Our coalition faces opposition from the Pacific Legal Foundation, a libertarian-leaning organization. Pacific represents both the plaintiff in CTM Holdings and another plaintiff in a similar case now pending before the Eighth Circuit Court of Appeals.
That case was recently brought back before the Supreme Court in the wake of its decision to overturn Chevron deference. The end of Chevron deference was a break in decades of precedent by the Supreme Court’s extremist right-wing majority, which believes the judiciary is more qualified to opine on highly technical questions than agencies full of subject matter experts.
Pacific Legal Foundation also represented the notoriously litigious plaintiff in Sackett v. EPA. This case led the Supreme Court to severely curtail Clean Water Act protections for wetlands.
This time, they’ll have to go through us.
We’ll Keep Fighting with Farmers for the Programs They Depend On
The plaintiffs in these ongoing cases are at a disadvantage — we have the law on our side. Multiple courts have already agreed that granting access to funding based on reasonable public policy goals is perfectly constitutional.
Moreover, granting our intervention motion just makes sense.
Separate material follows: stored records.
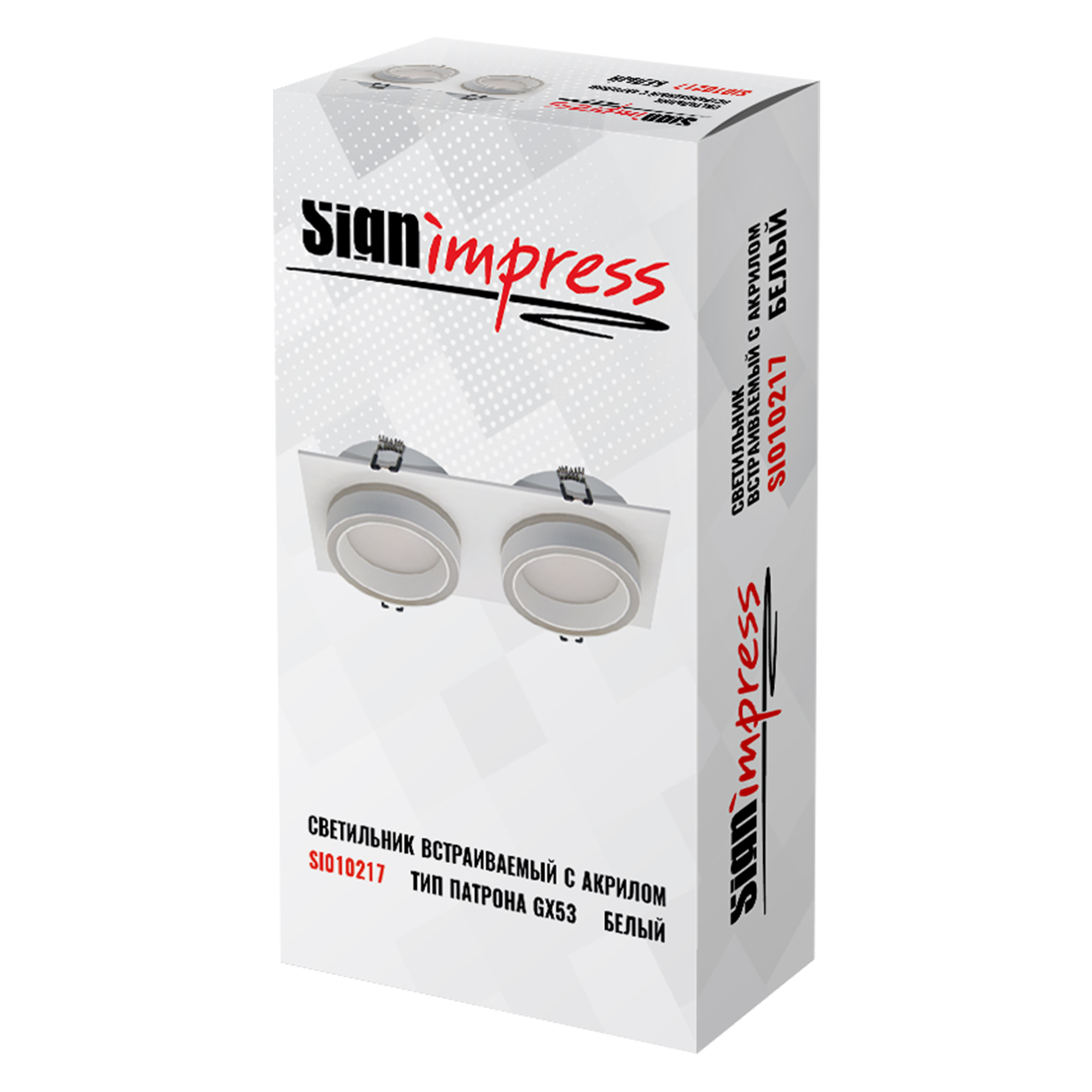 Светильник встраиваемый GX53 с акрилом прямоугольный 010217 Белый SignImpress предназначен для использования с лампой светодиодной, цоколь GX53, для освещения жилых и общественных помещений. Подходит для подвесных конструкций. Комплектация: Светильник встраиваемый – 1 шт.; Паспорт изделия и руководство по эксплуатации – 1 шт.; Упаковка с характеристиками – 1 шт. Гарантия 2 года.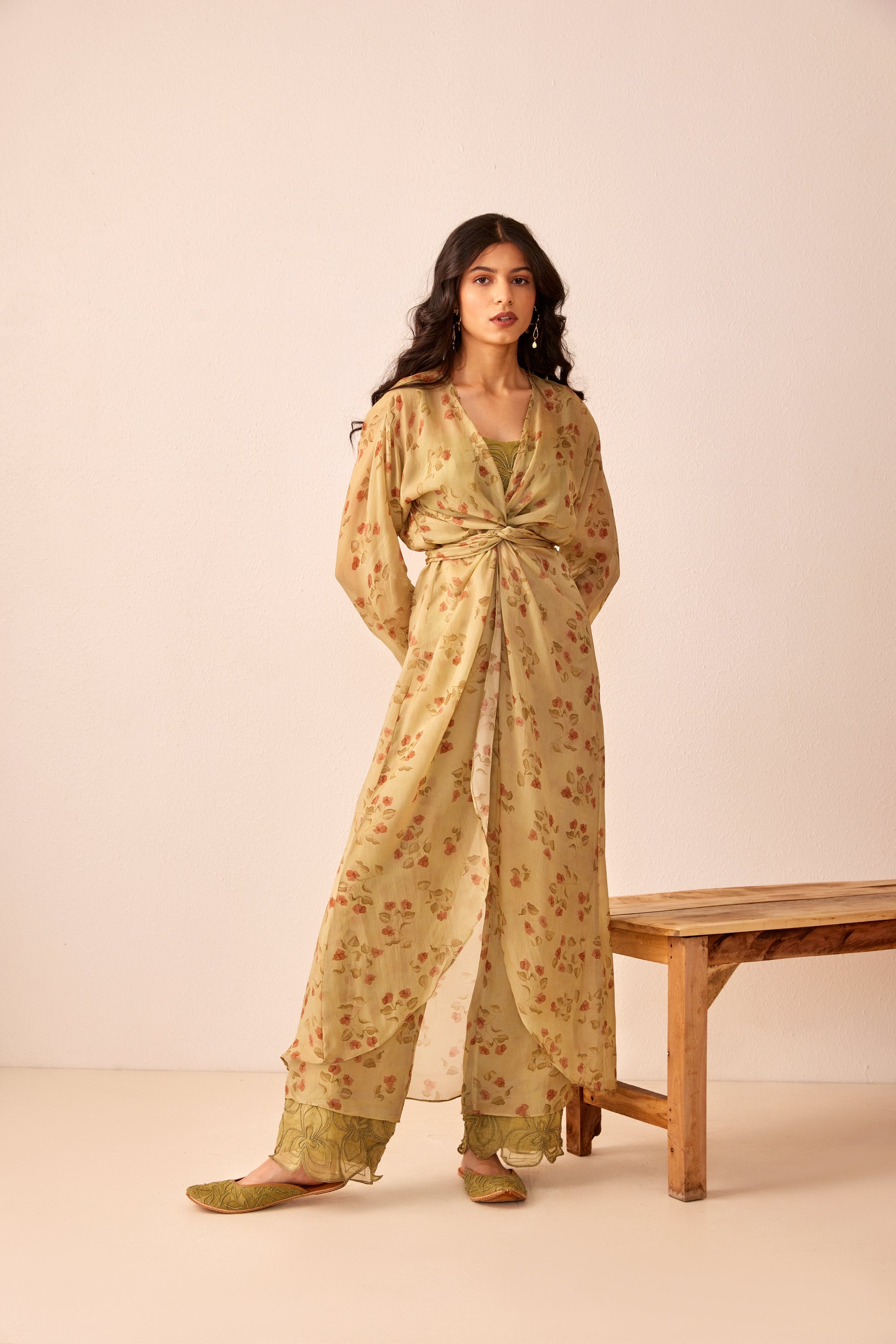 Give your festive look a fusion update with this green printed paper silk three pc set. Printed with a deep bougainvillea foliage, hand embroidered with bead work.The jacket comes with a tie up detail at the waist. It comes with an embroidered crop top and embroidered hem at the trousers. Style this set with a pair of matching juttis with layered necklaces.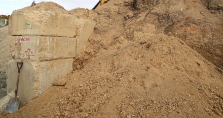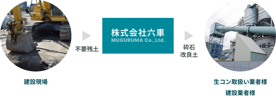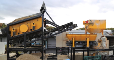 弊社では建設現場から発生した残土を回収し、資材として製造を行なったのち、生コン業者や建設業者様に路盤材などの資材として納入しております。現場で発生した不要なものを新たに価値のある資材へと形を変えて次に繋げます。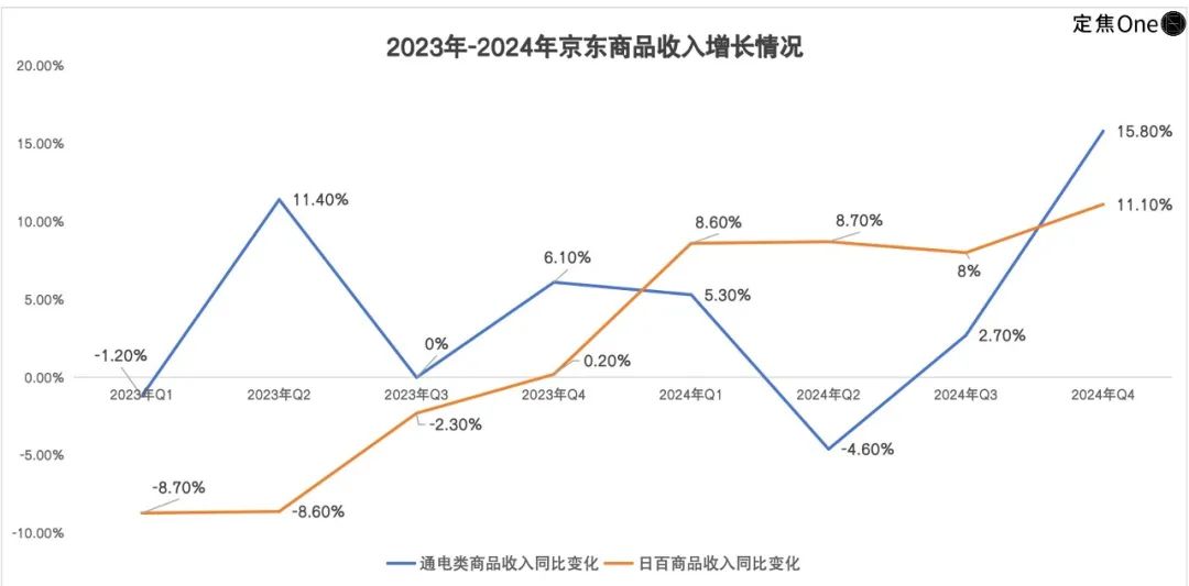 与通电类商品的大盘相比,京东日百品类2024年增速更快,全年收入增速达到9.2%。

Farmers deserve a seat at the table to defend the programs they and their communities have relied on for decades.
The government should be allowed to help farmers steward the land for future generations. This commonsense policy goal has been enshrined in USDA programs for almost a century. However, with Trump once again entering the White House, this is all under threat.
If Project 2025 and the President’s agenda succeed in gutting agencies’ power to regulate, they will clear the way for polluting corporate interests to run wild. But first, they will have to go through us.
Here at Food & Water Watch, we believe family farmers and the long-term sustainability of their land matter more than corporate profits. We can and will use the Constitution to fight back. Through the courts, we plan to safeguard agencies’ power until we have an administration that agrees sustainable farmers are worth protecting.